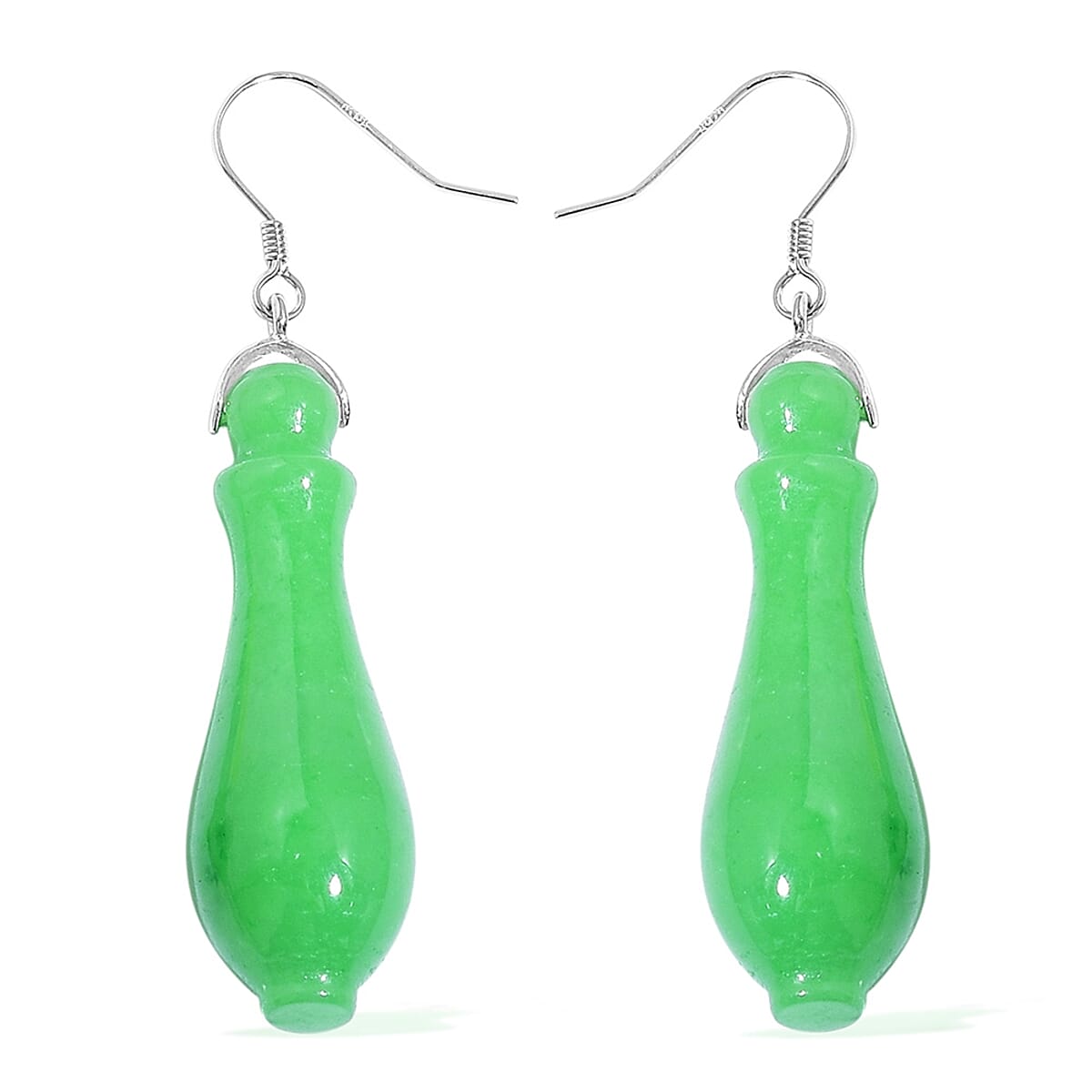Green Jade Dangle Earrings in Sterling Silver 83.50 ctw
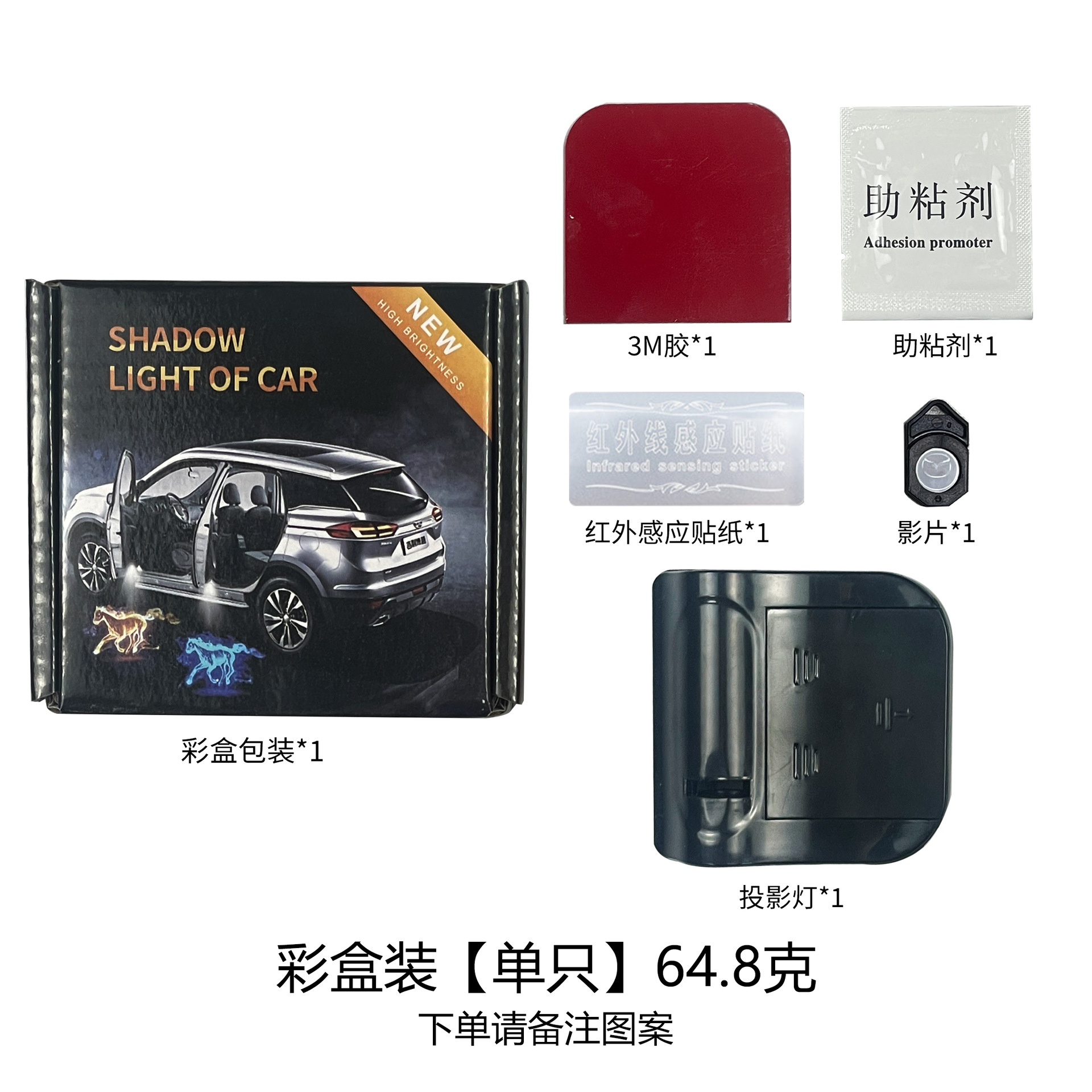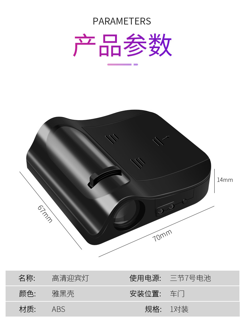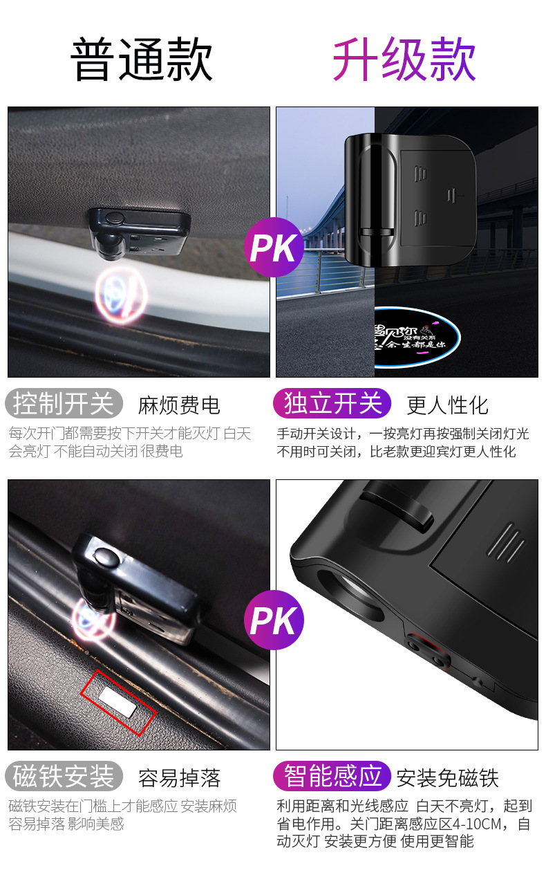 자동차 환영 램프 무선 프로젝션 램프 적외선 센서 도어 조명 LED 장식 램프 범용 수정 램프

============

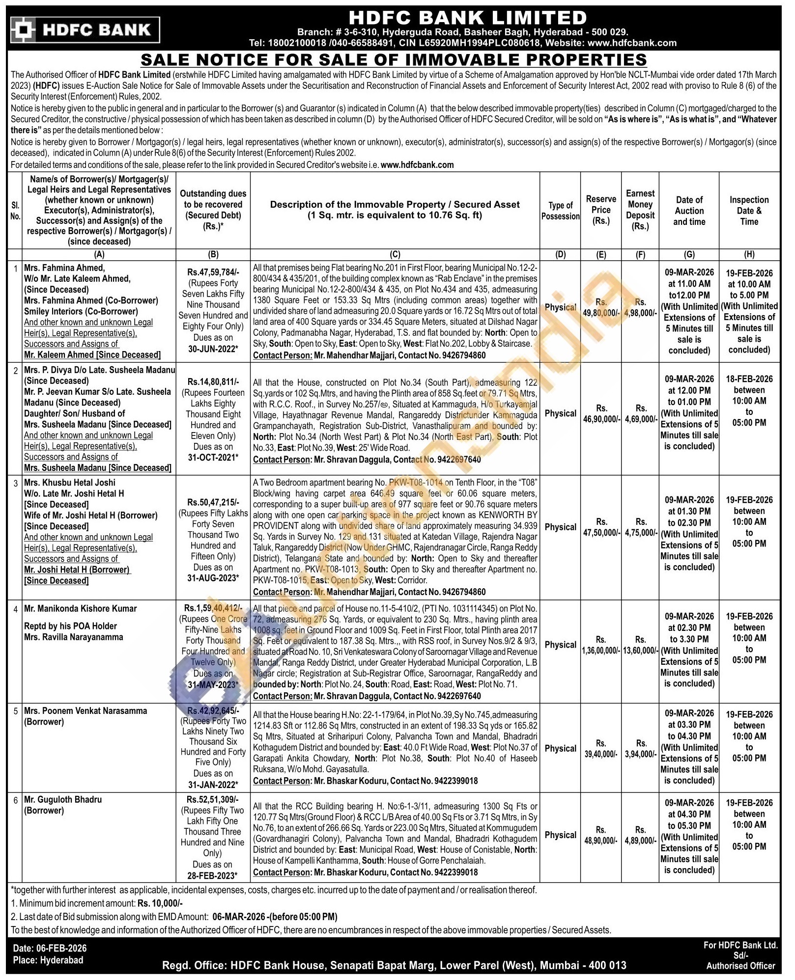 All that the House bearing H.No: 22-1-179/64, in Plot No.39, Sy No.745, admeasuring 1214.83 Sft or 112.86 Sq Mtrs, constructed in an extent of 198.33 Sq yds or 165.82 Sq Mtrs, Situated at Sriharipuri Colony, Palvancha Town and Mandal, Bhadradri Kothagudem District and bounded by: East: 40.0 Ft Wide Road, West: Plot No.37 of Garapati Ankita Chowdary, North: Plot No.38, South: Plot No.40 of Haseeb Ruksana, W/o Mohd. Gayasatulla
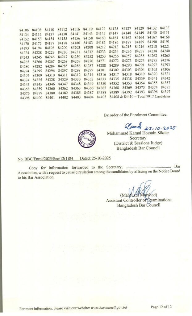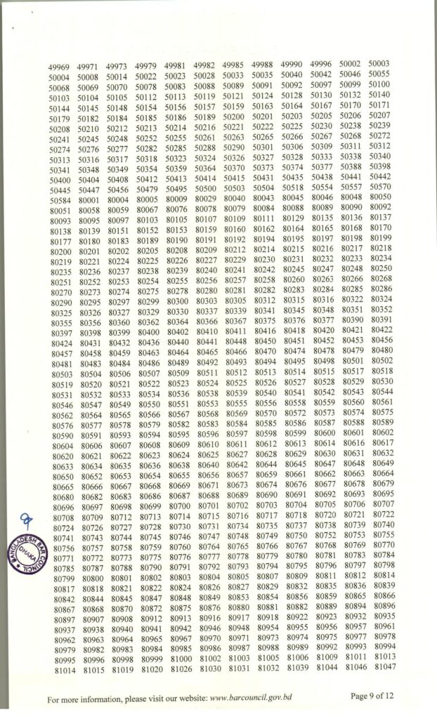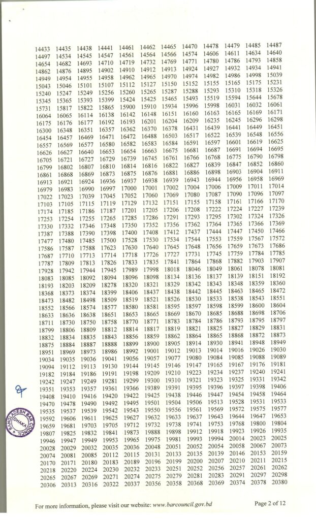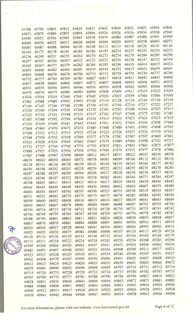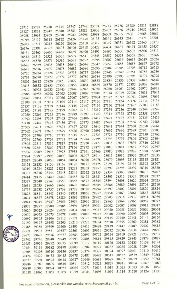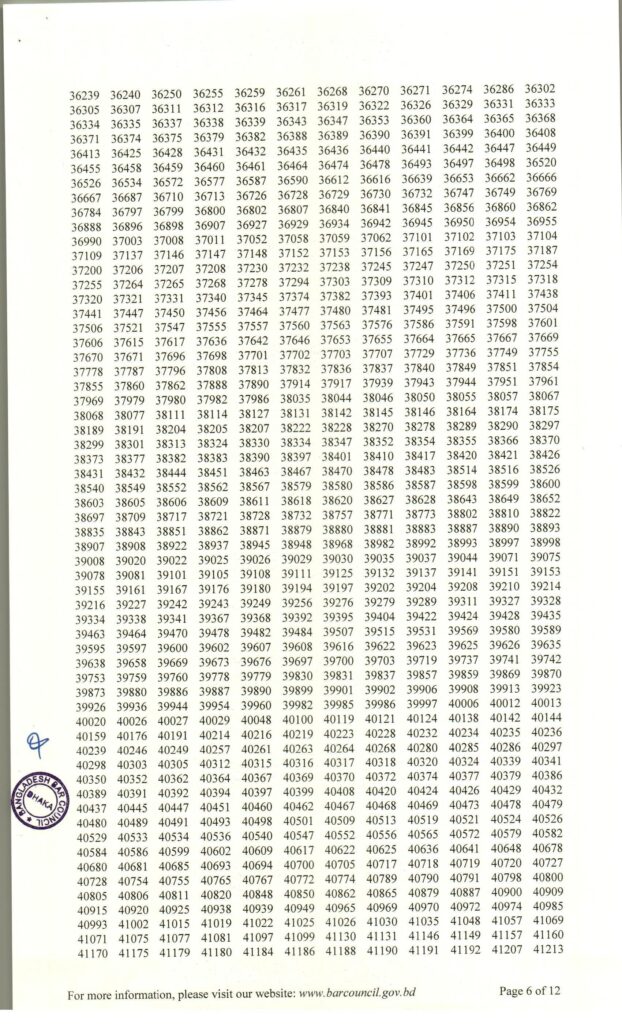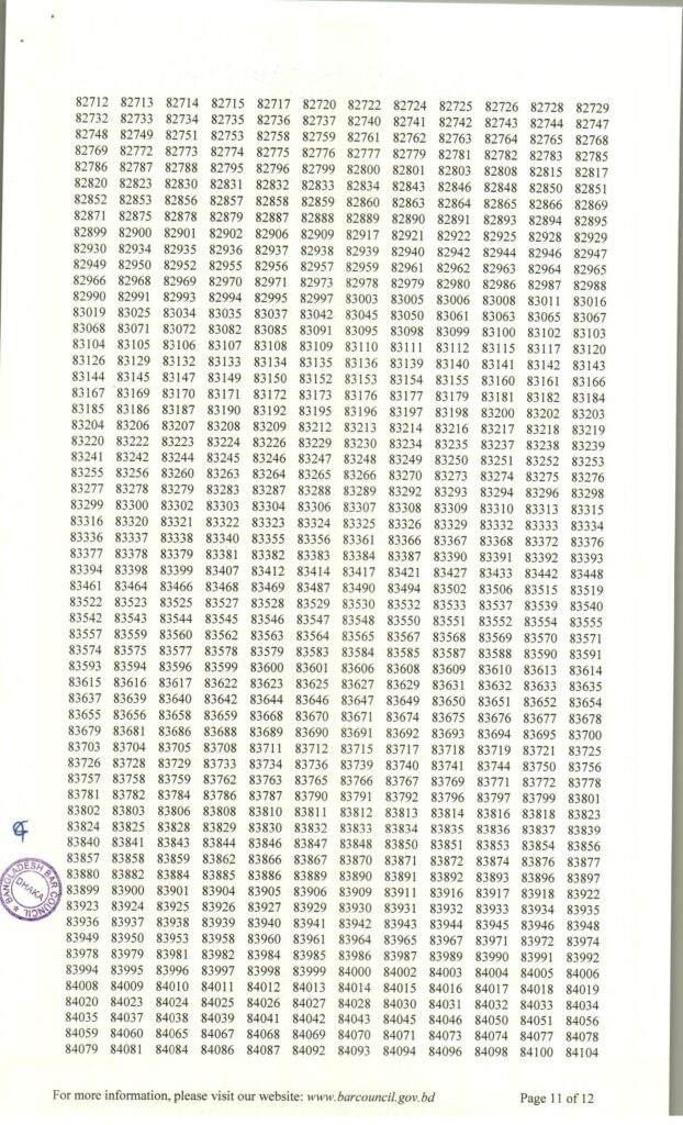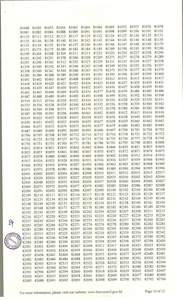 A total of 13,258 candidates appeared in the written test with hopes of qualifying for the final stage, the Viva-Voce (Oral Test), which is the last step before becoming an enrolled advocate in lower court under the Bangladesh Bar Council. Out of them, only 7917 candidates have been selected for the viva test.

============

- _Exercise goal_
Above is the material; set down exactly its lines from the one containing "Green Jade Dangle" down to the one containing "자동차 환영 램프 무선", both included, leaving out any pictures.

- _Exercise output_
Green Jade Dangle Earrings in Sterling Silver 83.50 ctw
 자동차 환영 램프 무선 프로젝션 램프 적외선 센서 도어 조명 LED 장식 램프 범용 수정 램프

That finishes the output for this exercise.